# converting wood to steel for window header



## Daniel Holzman (Mar 10, 2009)

In bending only in the vertical plane, an S3x5.7 is approximately the same strength as a pair of dressed 2x8 wooden beams, assuming you get A36 steel. If you get A60 steel, the S3x5.7 is stronger in bending. An S3x5.7 is three inches tall, and 5.7 lbs/foot.

This is simply a statement of equivalent strength, I am *not* designing this beam for you, and without an engineering analysis of your house, I cannot say whether this size beam is adequate, because I do not know the loads your header is subject to. Also bear in mind that if you use a steel beam as a header, you need to get it drilled so you can attach it to the vertical wooden supports on either end.


----------



## RoyalAcresRod (May 27, 2009)

Why don't you move up the existing header? The steel header is going to quite successfully transfer the heat or cold from the outside into the conditioned space.

Too, the modern energy-efficient way to construct exterior headers is to use 1/2 inch foam between the 2Xs, instead of plywood or OSB, to lessen the energy loss at this area.

Unless there are special circumstances, I believe this header can be constructed from 2X6s. Most builders use 2X8 or 2X10 in all openings to have consistent window height throughout the home.


----------



## Gary in WA (Mar 11, 2009)

In most of the 4 out of 5 charts here, your header may be border-line or even over-spanned: http://www.burlington.org/Building08/Spans.pdf

Ouch, I wouldn’t say it’s ok without knowing the loads above or the year the house was built to say replace with another one of lesser strength. (A Structural Engineer would know)

I’d rather nail the header members tight together for strength and fastener penetration with the foam board (non-structural) inside, above the flat nailer for window treatment. 

Be safe, Gary


----------



## Dan S (May 21, 2010)

*Thanks for ideas*

I got several useful messages from the replies.

(1) I probably should talk to a structural engineer. Anybody want to guess at the likely cost of that? Even if I end up doing that, the info from the replies will help me ask good questions.

(2) Daniel Holtzman tells me that with A36 or better steal, a 3 inch beam could do the work of 2 paired 2X8s. So we do have hope for our idea. (He also points out that we need to get the steal beam drilled to attach it to the vertical wooden supports.)

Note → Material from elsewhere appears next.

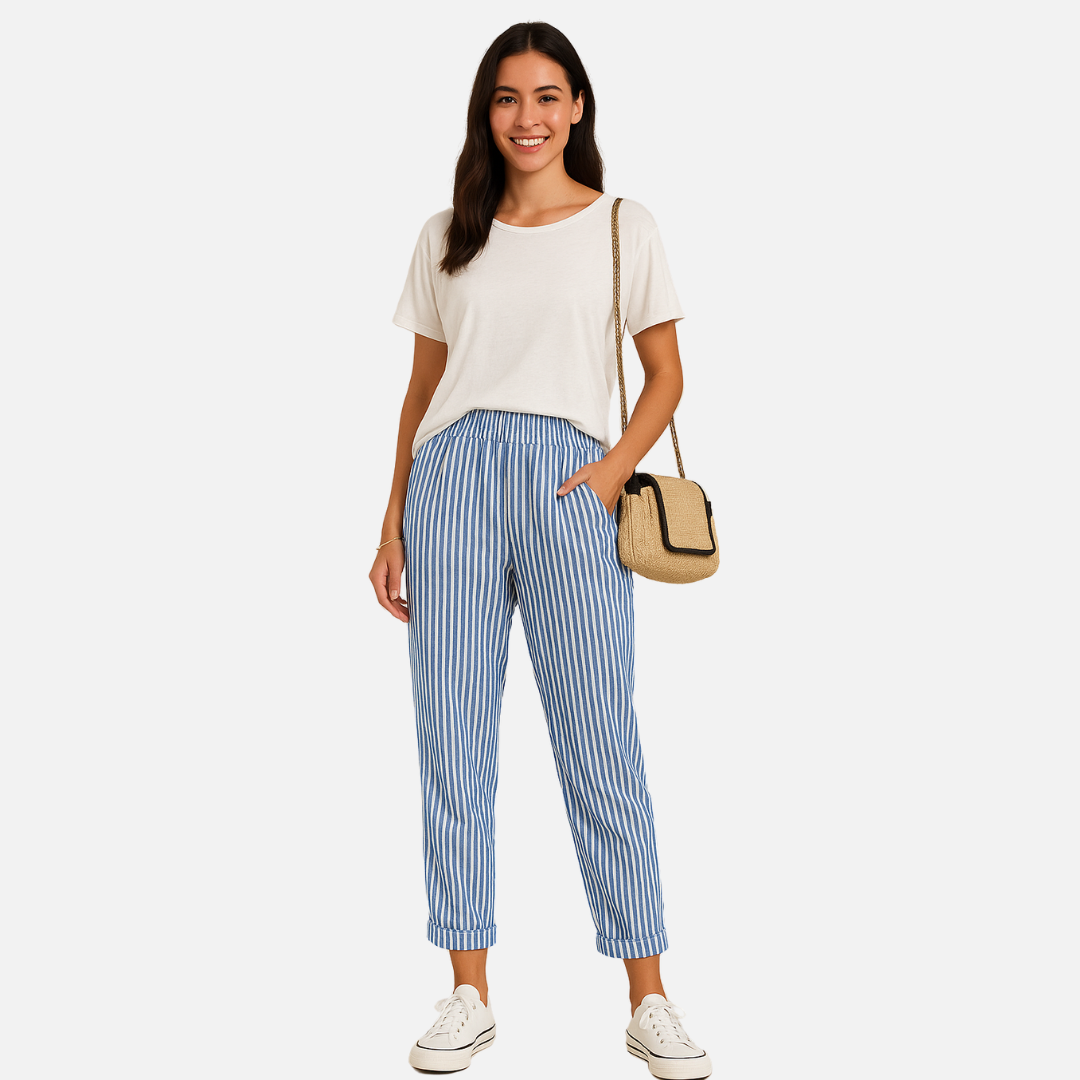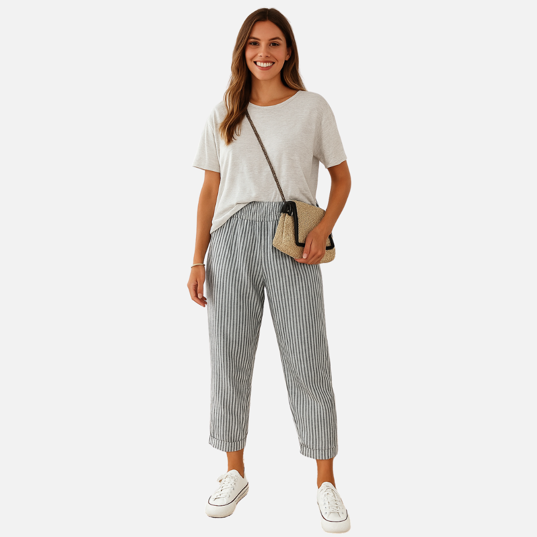 These breathable, lightweight pants are made from a soft linen cotton blend that keeps you cool and comfortable all day long. Designed with a relaxed fit, adjustable drawstring waist, and functional side pockets, they combine easygoing comfort with everyday versatility.

(3) RoyalAcresRod suggests moving the whole thing up, which sounds good if I understand the idea. The 2X8s have a horizontal 2X4 running underneath. I guess that could go -- drywall could be nailed to the underside of the 2X8s? There are also two horizontal 2X4s running above the header that the ceiling joists sit on. Am I right that these don't contribute significantly to the strength of the header? If that is right, I guess one or both of those 2X4s could come out, so that the joists could sit directly on the beam? If we took all three out 2X4s, that would be more than a five inch addition to the size of the opening. Anybody see a problem with that?


----------



## RoyalAcresRod (May 27, 2009)

Gary, thank you for the correction....I misread the given window length.

Dan...those 2 horizontal 2X4s above the headers are your top plates, if I read your post correctly. They must stay! As you observed, your ceiling joists are supported by these plates, which should run continuously throughout your home. They also act as firestops and should not be removed.


----------



## Daniel Holzman (Mar 10, 2009)

The idea of using a steel S shape as a header should work fine, provided you select the appropriate shape. There are two available S3 (3 inch deep) shapes, one weighs 5.7 lbs/ft, one weighs 7.5 lbs/ft. Even if the S3x5.7 is too light, the S3x7.5 may be OK, as it has a greater moment of inertia. If the three inch deep shape is inadequate, you could move up to a 4 inch deep shape.

The key is to have a competent designer determine what the load is on your header. The header over a window typically carries a lot of weight, so it is essential to determine the load first, then size the header second.


----------



## Dan S (May 21, 2010)

Thanks for the insights. A window installer says he can put me in touch with an engineer.


----------